For n=1 there is a theorem by Lekkerkerker and Boland characterizing interval graphs. The characterization is based on two requirements: (1) there are no induced cycles of length >3. (This leaves us with chordal graphs.) (2) for every 3 vertices, one of the vertices is a neighbor of a vertex in every path between the other two. This gives an infinite set of "axioms" in the sense asked in the question. I suppose there is no finite list.

So overall there are many interesting theorems of the kind you described, and this is a rich area. But a complete description for dimension > 1 does not look realistic.

A more general question is to study the situation where you allow both operation: (1) taking the intersection (2) taking convex hull. This makes the problem even much more complicated and not much is known.
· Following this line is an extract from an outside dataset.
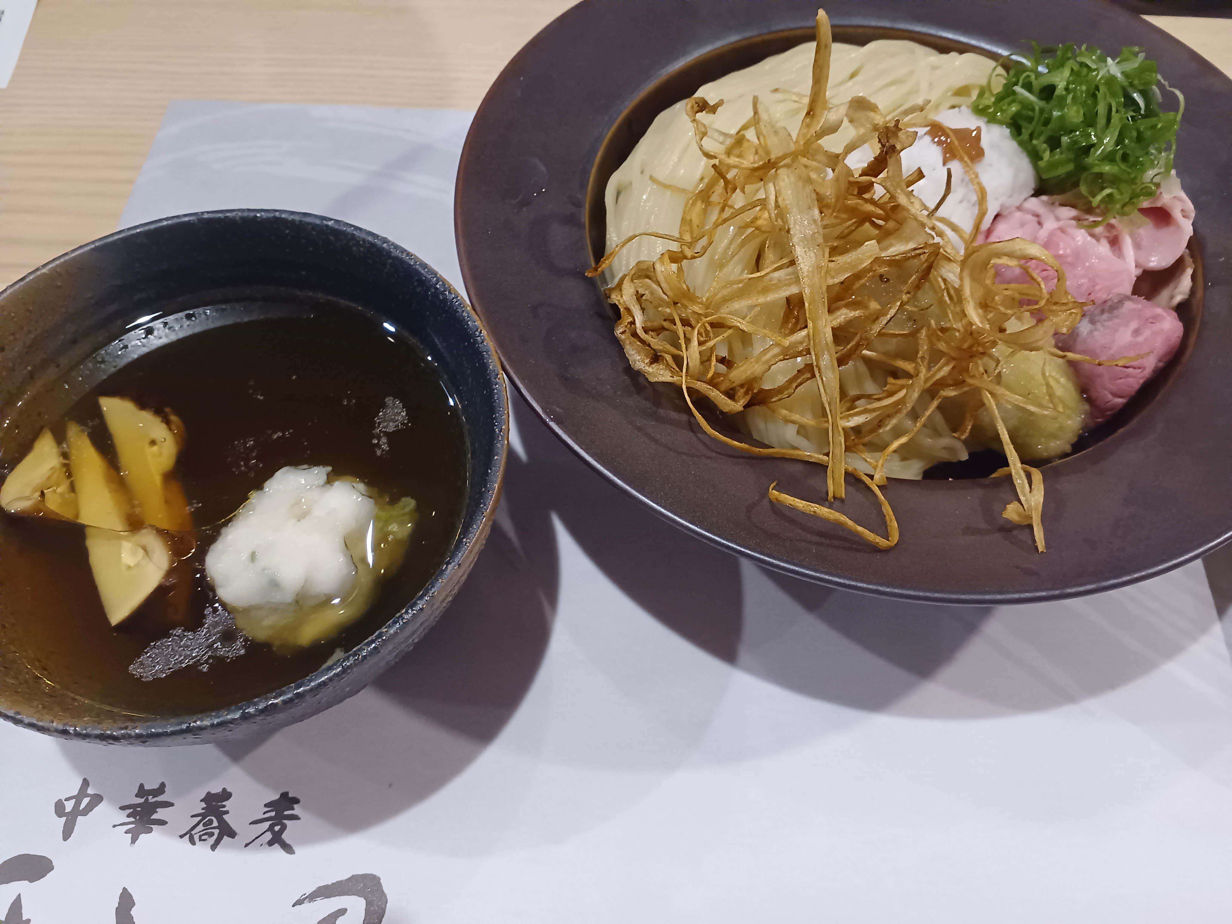 ほし乃の鱧と松茸ラーメン(2022年)は、こんな感じです。上品で、麺の量が多く、お腹いっぱいになりました(ごぼうの下はナスです)。
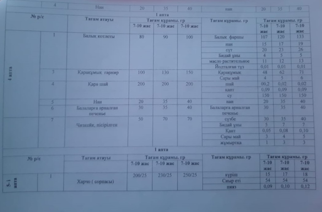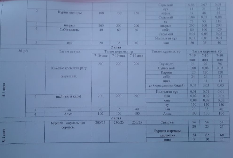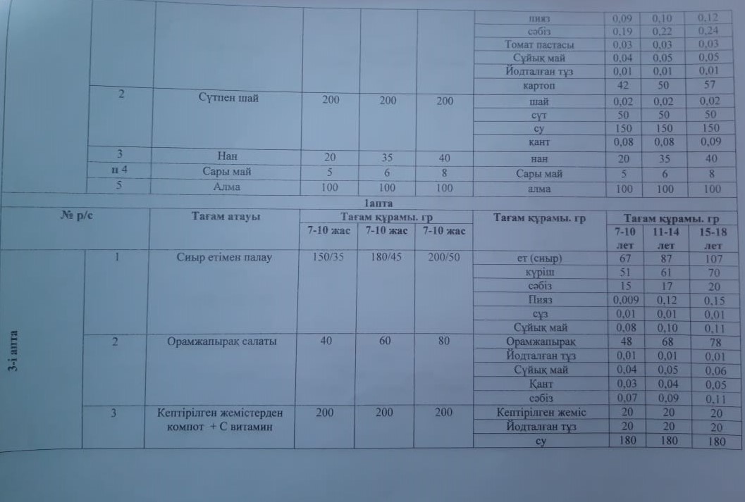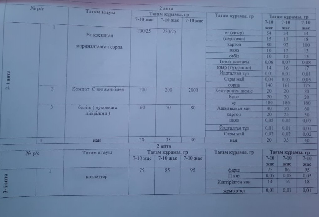 Ыстық тамақ менюі » "Қуат Терібаев атындағы орта мектебі, мектепке дейінгі шағын орталығымен" отдела образования Кербулакского района

An example of a recent result in this more general setting is the following theorem by Novick: Given 7.2k pairwise disjoint convex sets in the plane there is a set in the family that is disjoint to the convex hull of k other sets in the family.

I have a kind of heuristical reason why the case $n=2$ is hard, i. e. for $n=2$ there is no finite set of deduction rules from which we can derive every Horn clause about convex sets (without using any other properties of convex sets). This is not a proof, but it is convincing enough for me to stop considering the $n\geq 2$ case. As for $n=1$, I have no idea.

So here is the argument. For any graph $G$ with (finite) vertex set $V$ and edge set $E$, we can fix a total order on the set $V$, and consider the following Horn clause:

The planarity clause of the graph $G$: LET $P_{u,v}$ be a convex set for any two vertices $u$ and $v$ of $G$ satisfying $u < v$. IF $P_{u,v}\cap P_{t,r}\neq\emptyset$ whenever the sets $\left\lbrace u,v\right\rbrace$ and $\left\lbrace t,r\right\rbrace$ have a common element, THEN we have $P_{u,v}\cap P_{t,r}\neq\emptyset$ for at least one quadruple $\left(u,v,t,r\right)$ of vertices of $G$ such that the sets $\left\lbrace u,v\right\rbrace$ and $\left\lbrace t,r\right\rbrace$ have no common element.

We can easily find that the planarity clause of the graph $G$ is always satisfied if and only if the graph $G$ is not planar. (What we actually are using here is Fáry's theorem.) Now, Kuratowski's theorem shows us that we have non-planar graphs of arbitrarily large size that can only be proven planar by looking at ALL of their vertices together. For example, take $K_5$, and "blow it up" by replacing every edge by a sequence $\cdot - \cdot - \cdot - \cdot - ... - \cdot$ of little edges. Remove any of the edges and you get a planar graph, so if there was a finite family of rules from which all tautologies would follow, at least one of these rules would be talking about a big number of convex sets (namely, at least as many as you have edges in your blown up $K_5$). Contradiction.

As I said, I don't know whether this is really a sound argument, and even if it is, the case $n=1$ still remains open.